-------- Listed entries --------
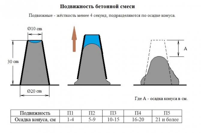 Ориентироваться следует на структуру материала. Бетон должен характеризоваться умеренной текучестью. Для заливки опалубки используют более жидкий раствор.
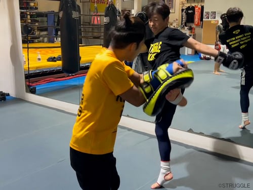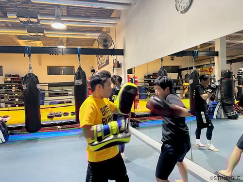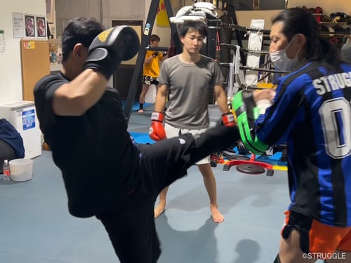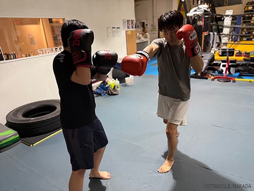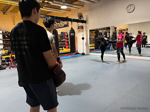 トレーナー陣とそれらの基本テクニックをミット打ちで反復練習。
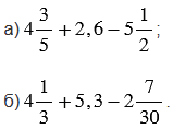 б) Чтобы выполнить вычисления, преобразуем десятичную дробь, данную в выражении, в смешанное число, затем выполняем вычисления со смешанными числами по следующим правилам:
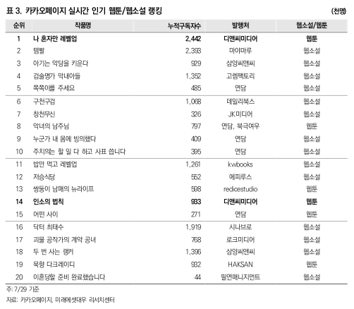 <나 혼자만 레벨업>은 연재가 끝났음에도 불구하고 카카오페이지에서 인기순위 1위를 달리고 있습니다. 2위 <템빨>과 함께 압도적인 누적 구독자수를 보여주고 있습니다. 또한 유일하게 인기순위 상위 20위 안에 2개의 작품(나 혼자만 레벨업, 인소의 법칙)을 올려놓고 있습니다. 카카오재팬의 만화 플랫폼인 픽코마에서도 <나 혼자만 레벨업>은 실시간 랭킹 1위를 달리고 있으며 좋아요 수는 가히 압도적입니다. 픽코마는 라인 망가와 함께 일본 최대 웹툰 플랫폼 중 하나입니다.
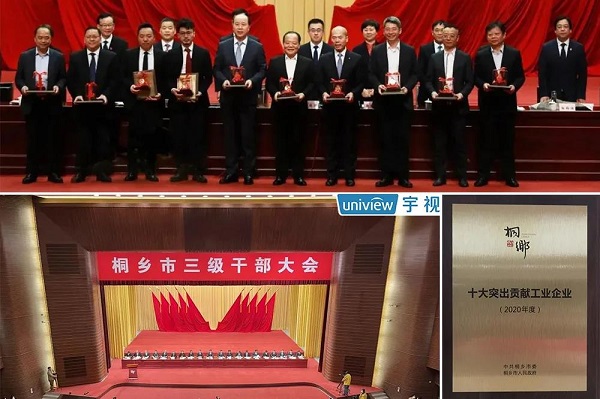 2月24日,桐乡市三级干部大会表彰奖励2020年度高质量发展先进集体和先进个人。宇视科技(uniview)凭借桐乡全球智能制造基地的高效敏捷、精工智造、战疫之年出色的社会贡献,获“2020年度十大突出贡献工业企业”“2020年度外贸出口优秀企业”,宇视总裁张鹏国获评“2020年度十大工业企业优秀经营者”。
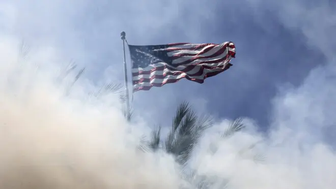 Bandeira americana tremula em meio a fumaça em protesto. (Foto: EFE/Allison Dinner)
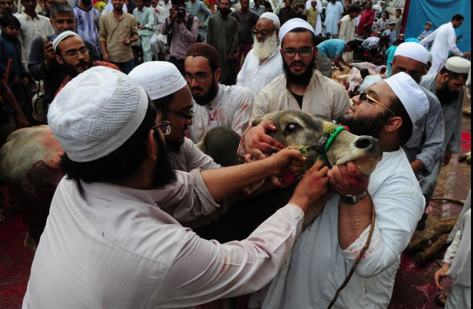 5- ذبح أحد العجول في اليوم الأول من عيد الأضحى في كراتشي، باكستان
--------
• Assignment:
Final stretch of the data: repeat exactly each line from the one containing "б) Чтобы выполнить" through the last, and omit all pictures.

• Output of the exercise:
 б) Чтобы выполнить вычисления, преобразуем десятичную дробь, данную в выражении, в смешанное число, затем выполняем вычисления со смешанными числами по следующим правилам:
 <나 혼자만 레벨업>은 연재가 끝났음에도 불구하고 카카오페이지에서 인기순위 1위를 달리고 있습니다. 2위 <템빨>과 함께 압도적인 누적 구독자수를 보여주고 있습니다. 또한 유일하게 인기순위 상위 20위 안에 2개의 작품(나 혼자만 레벨업, 인소의 법칙)을 올려놓고 있습니다. 카카오재팬의 만화 플랫폼인 픽코마에서도 <나 혼자만 레벨업>은 실시간 랭킹 1위를 달리고 있으며 좋아요 수는 가히 압도적입니다. 픽코마는 라인 망가와 함께 일본 최대 웹툰 플랫폼 중 하나입니다.
 2月24日,桐乡市三级干部大会表彰奖励2020年度高质量发展先进集体和先进个人。宇视科技(uniview)凭借桐乡全球智能制造基地的高效敏捷、精工智造、战疫之年出色的社会贡献,获“2020年度十大突出贡献工业企业”“2020年度外贸出口优秀企业”,宇视总裁张鹏国获评“2020年度十大工业企业优秀经营者”。
 Bandeira americana tremula em meio a fumaça em protesto. (Foto: EFE/Allison Dinner)
 5- ذبح أحد العجول في اليوم الأول من عيد الأضحى في كراتشي، باكستان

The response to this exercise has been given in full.